◆ PROVIDED RECORDS ◆
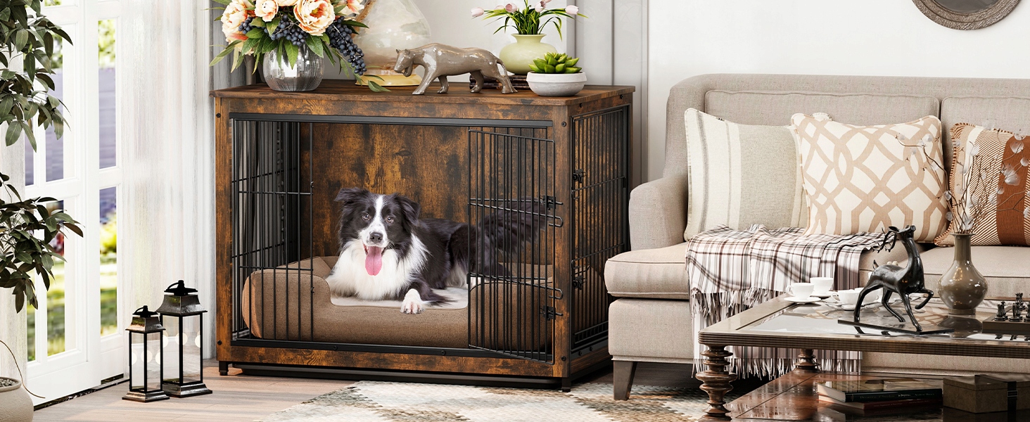 Приємний і функціональний: чудовий вольєр для собак поєднує металевий каркас із дерев’яним стилем, красивий, естетичний предмет, який добре поєднується з інтер’єром вашого дому. Його можна використовувати як тумбочку з дерев'яною верхньою кришкою для розміщення рослинних іграшок для собак і як безпечне місце для сну вашого вихованця
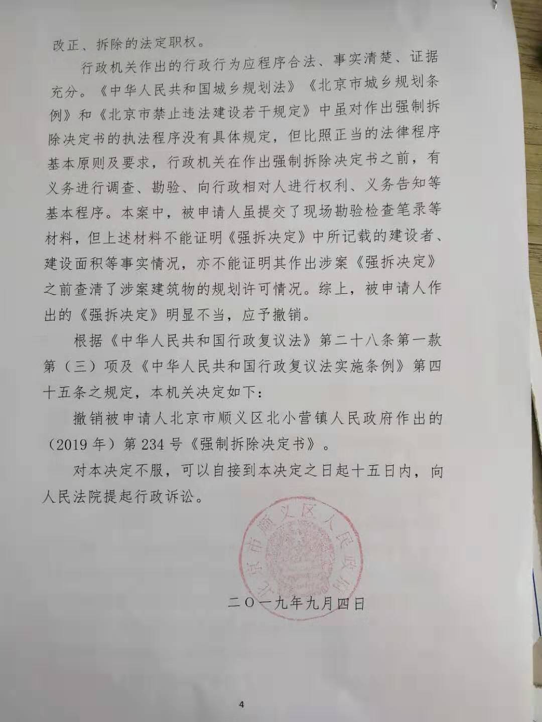 撤销被申请人北京市顺义区北小营镇人民政府作出的(2019年)第234号《强制拆除决定书》。
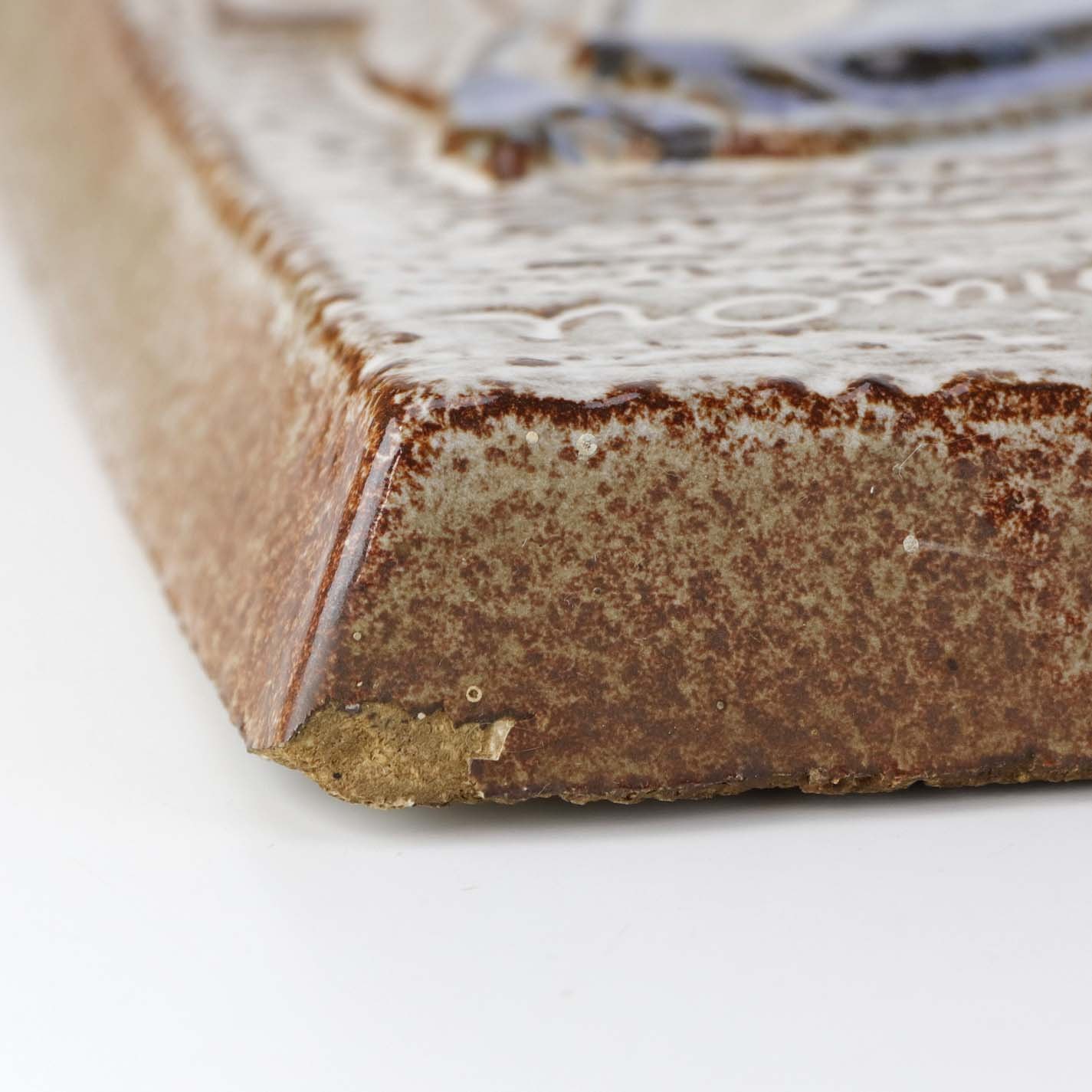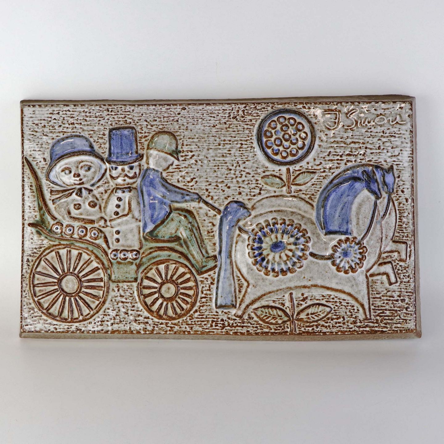 Relief i glaseret stentøj med motiv et par på karret tur med kusk og heste. Nr. 3582
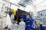 Engineers at NASA's Jet Propulsion Laboratory in Southern California examine one of Psyche's stowed solar arrays prior to a deployment test in the Lab's High Bay 2 clean room in late February 2022.
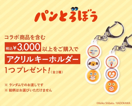 全国の店舗で「パンどろぼう」商品1点以上を含む、税込3,000円毎のご購入で、「オリジナルアクリルキーホルダー」をおひとつプレゼント!
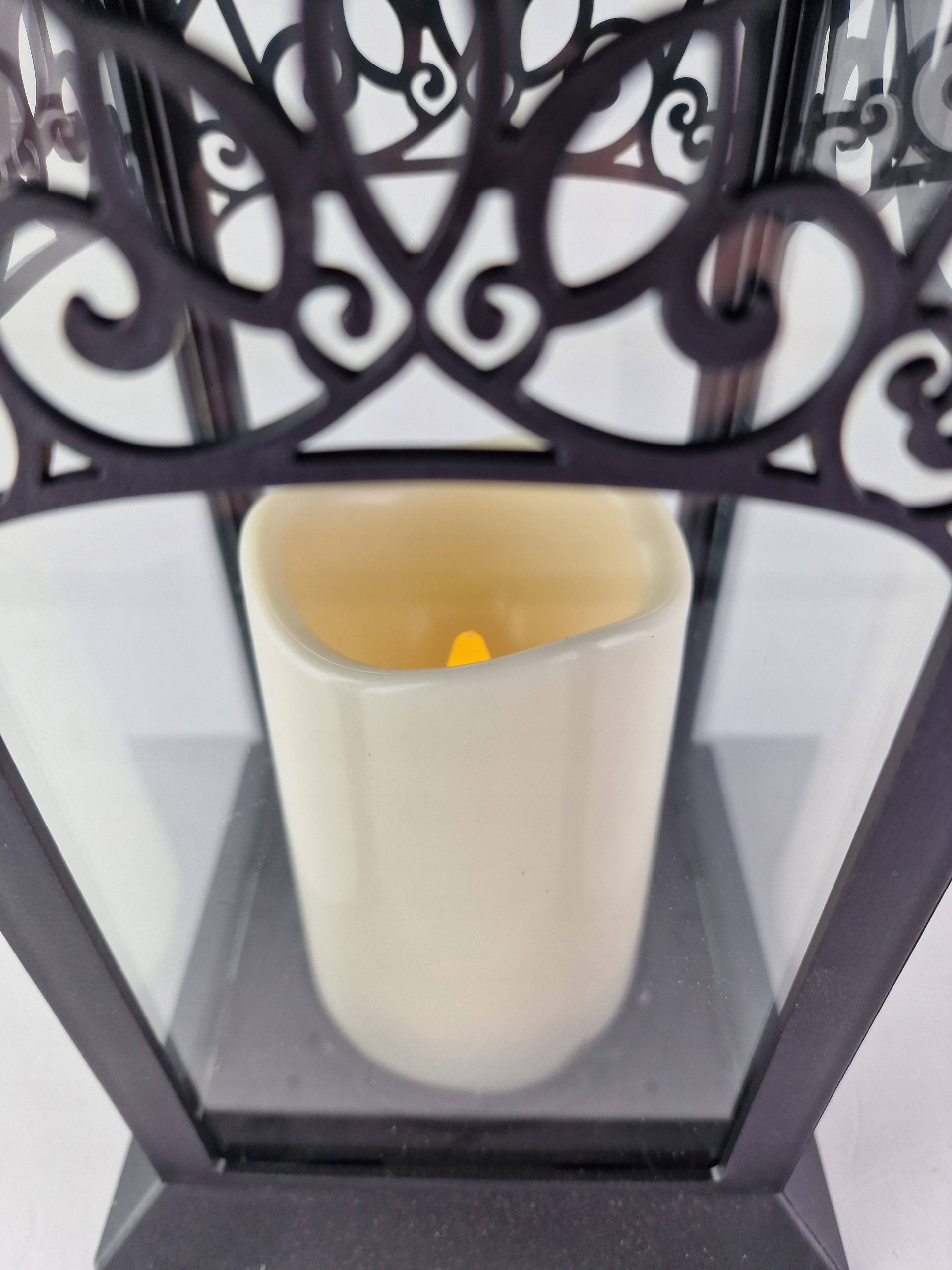 Чорний декоративний ліхтар зі світлодіодною свічкою
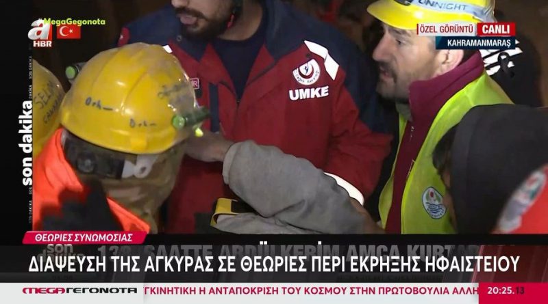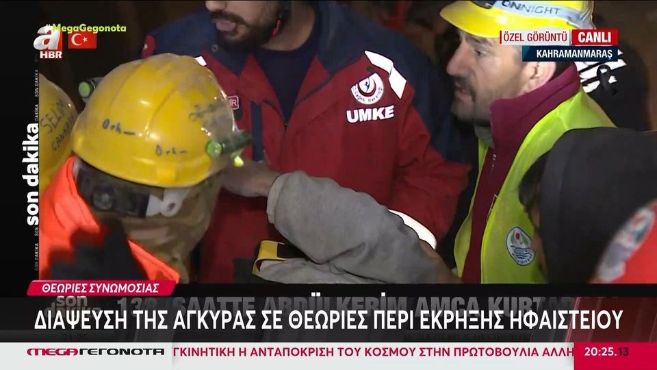 Ο άνδρας διασώθηκε κάτω από τόνους χαλασμάτων στο Καχραμανμάρας, ενώ, όπως φαίνεται στις εικόνες του απεγκλωβισμού του που μεταδόθηκαν σε ζωντανή σύνδεση, ήταν καλά στην υγεία του, χαμογελαστός.

◆ WHAT YOU SHOULD DO ◆
Give the complete material again, exactly as written. Do not include the pictures.

◆ YOUR SOLUTION ◆
 Приємний і функціональний: чудовий вольєр для собак поєднує металевий каркас із дерев’яним стилем, красивий, естетичний предмет, який добре поєднується з інтер’єром вашого дому. Його можна використовувати як тумбочку з дерев'яною верхньою кришкою для розміщення рослинних іграшок для собак і як безпечне місце для сну вашого вихованця
 撤销被申请人北京市顺义区北小营镇人民政府作出的(2019年)第234号《强制拆除决定书》。
 Relief i glaseret stentøj med motiv et par på karret tur med kusk og heste. Nr. 3582
 Engineers at NASA's Jet Propulsion Laboratory in Southern California examine one of Psyche's stowed solar arrays prior to a deployment test in the Lab's High Bay 2 clean room in late February 2022.
 全国の店舗で「パンどろぼう」商品1点以上を含む、税込3,000円毎のご購入で、「オリジナルアクリルキーホルダー」をおひとつプレゼント!
 Чорний декоративний ліхтар зі світлодіодною свічкою
 Ο άνδρας διασώθηκε κάτω από τόνους χαλασμάτων στο Καχραμανμάρας, ενώ, όπως φαίνεται στις εικόνες του απεγκλωβισμού του που μεταδόθηκαν σε ζωντανή σύνδεση, ήταν καλά στην υγεία του, χαμογελαστός.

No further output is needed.